Race rules for aspiring political figures

Because the United States is the only country in human history that participated in the slave trade, the subject of race is a minefield into which few Americans dare trod. With the legacy of the Civil War a mere 125 years past and the Civil Rights turmoil of the 60’s happening just two generations ago, the scars of widespread animus towards blacks specifically and other sun-dwelling folks in general aren’t scars at all. They remain festering open wounds. Racism is still everywhere in America today.

At least that’s the popular wisdom as told by the only friends the American Negro has ever had – today’s Democratic Party.

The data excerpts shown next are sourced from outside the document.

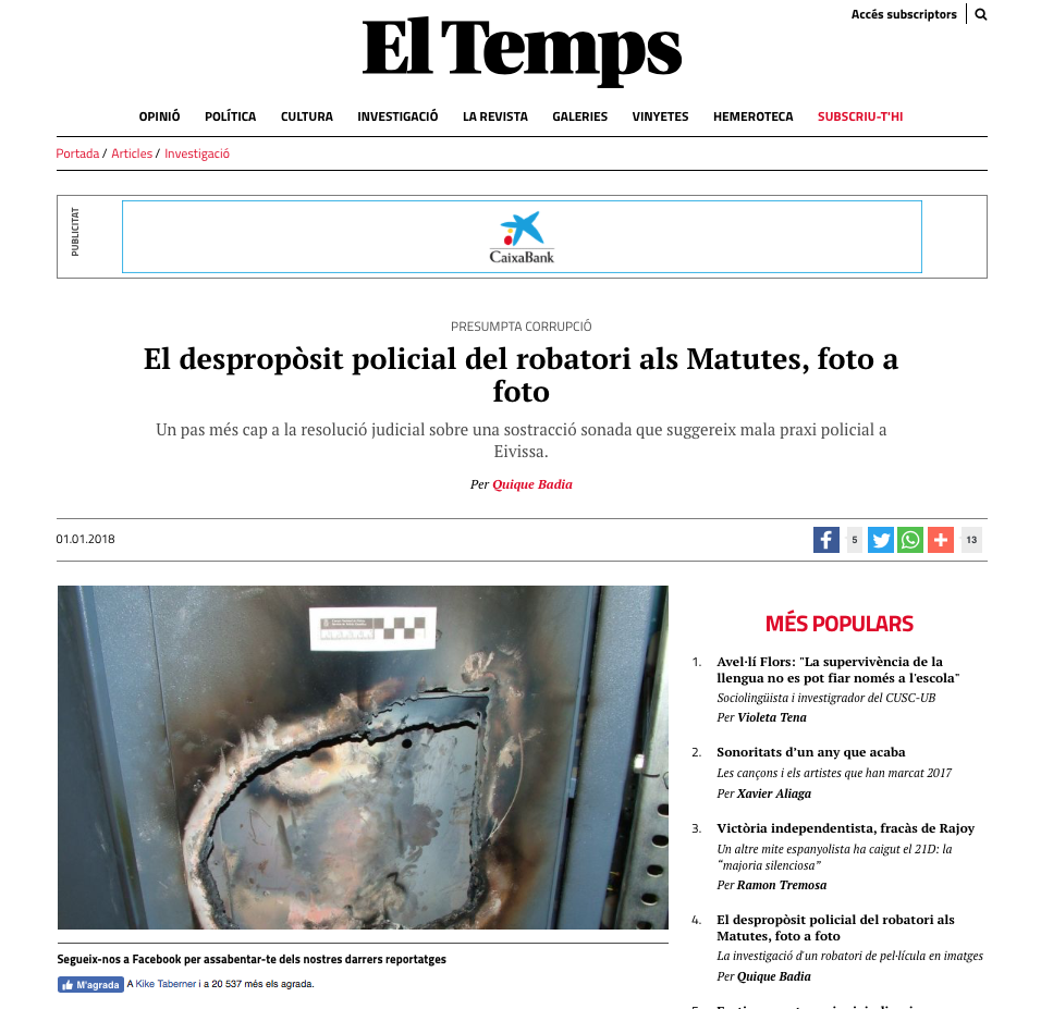 @Noudiari/El semanario El Temps ha publicado las fotografías de las pruebas del robo al Grupo Empresas Matutes perpetuado el 26 de octubre de 2013. Según la publicación, las imágenes se aportaron como pruebas cuatro años después del atraco por el que se ha arrestado e imputado a dos policías nacionales, uno acusado material del robo y otro de encubridor.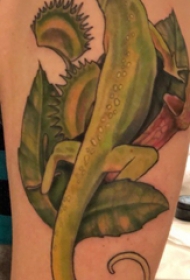 蜥蜴纹身图案 男生大臂上植物和蜥蜴纹身图片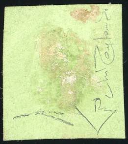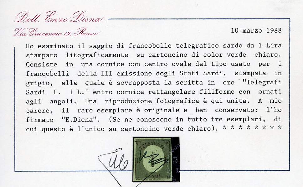 1858 - 1 lira saggio di francobollo per Telegrafi su cartoncino verde chiaro, cornice con centro ovale in grigio e stampa delle diciture in rame, nuovo senza gomma come sempre perfetto. Rarissimo, dei pochissimi esemplari noti è l'unico noto su cartoncino di questo colore. Raybaudi. Cert. E.Diena.
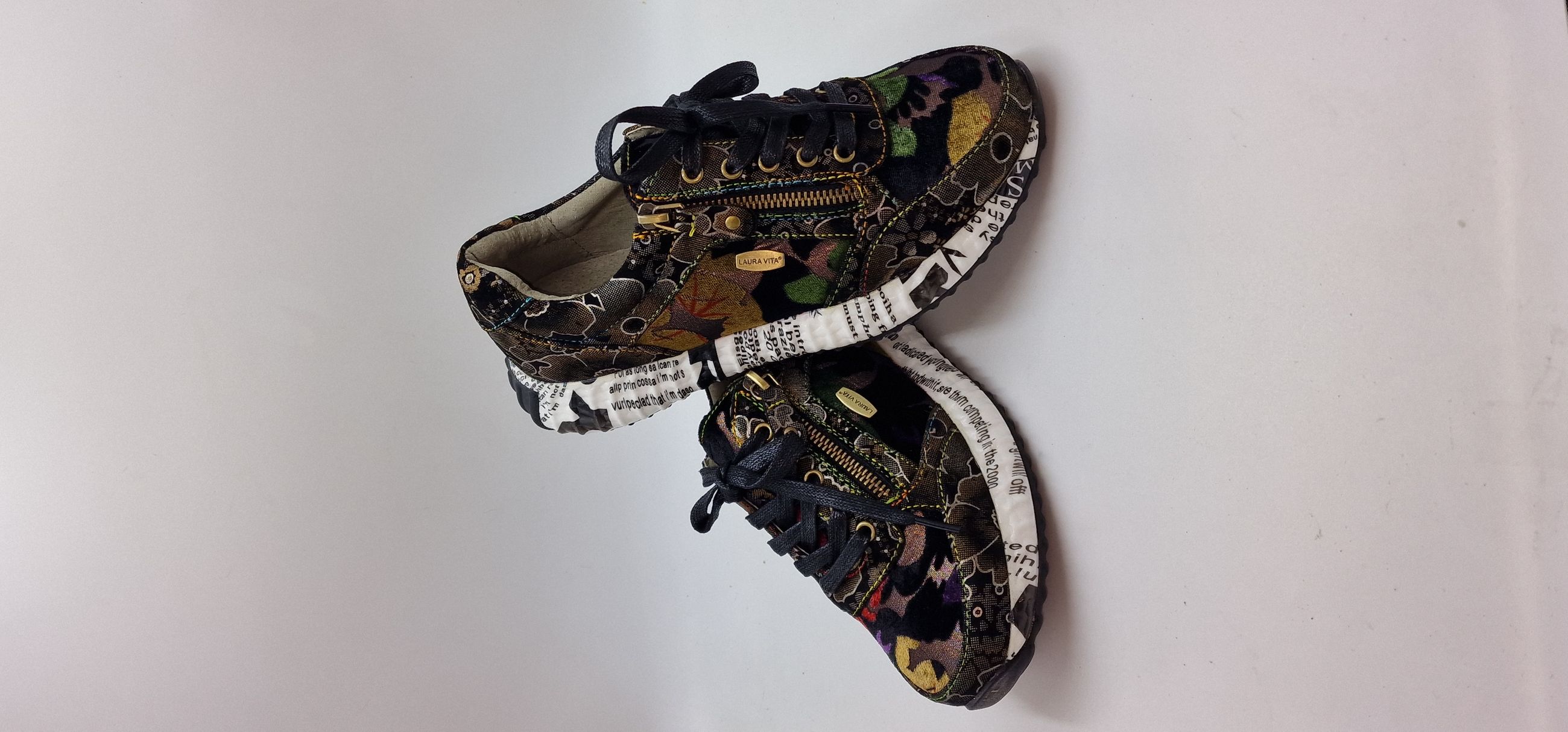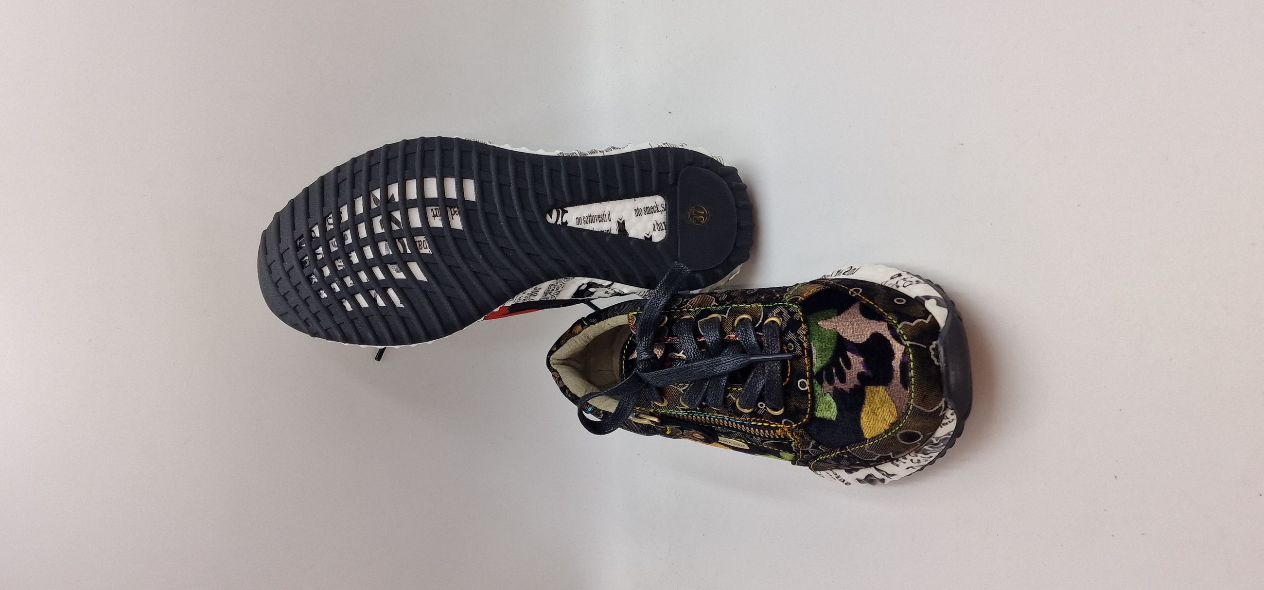 FODERA IN PELLE, FONDO IN GOMMA 3 CM STAMPA EFFETTO GIORNALE, PLANTARE INTERNO ESTRAIBILE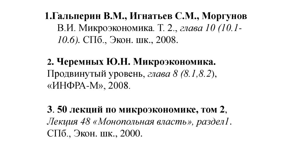 1.Гальперин В.М., Игнатьев С.М., МоргуновВ.И. Микроэкономика. Т. 2., глава 10 (10.110.6). СПб., Экон. шк., 2008.

That steadfast will to always stand up for the rights and freedom of blacks has paid off handsomely for the Democrats. Ever since LBJ bought them off with generous handouts under the guise of a war on poverty, blacks have stayed bought. Democrats typically receive ~90% of black votes. Democrats, in return, help diffuse attention from painful facts about the black community whenever anyone tries to point out that rates of black two-parent households and school achievement were higher before welfare and public housing.

It’s win-win. The Democrats get a constituency to whom they can condescend that votes for them lockstep and blacks get a party that sees them for what they are whether a light-skinned, clean, articulate, without a Negro dialect unless they need to speak in a Negro dialect for legitimacy’s sake black or an authentic black. Heck, they even gerrymandered up a few congressional districts so blacks don’t have to come community organizing out in their fellow congressmens’ local offices out in the suburbs. Pretty sweet deal all around.

Meanwhile, Republicans will only embrace blacks born slovenly into wealth and privilege like JC Watts, Clarence Thomas, and Condoleezza Rice. It’s all such a sordid affair.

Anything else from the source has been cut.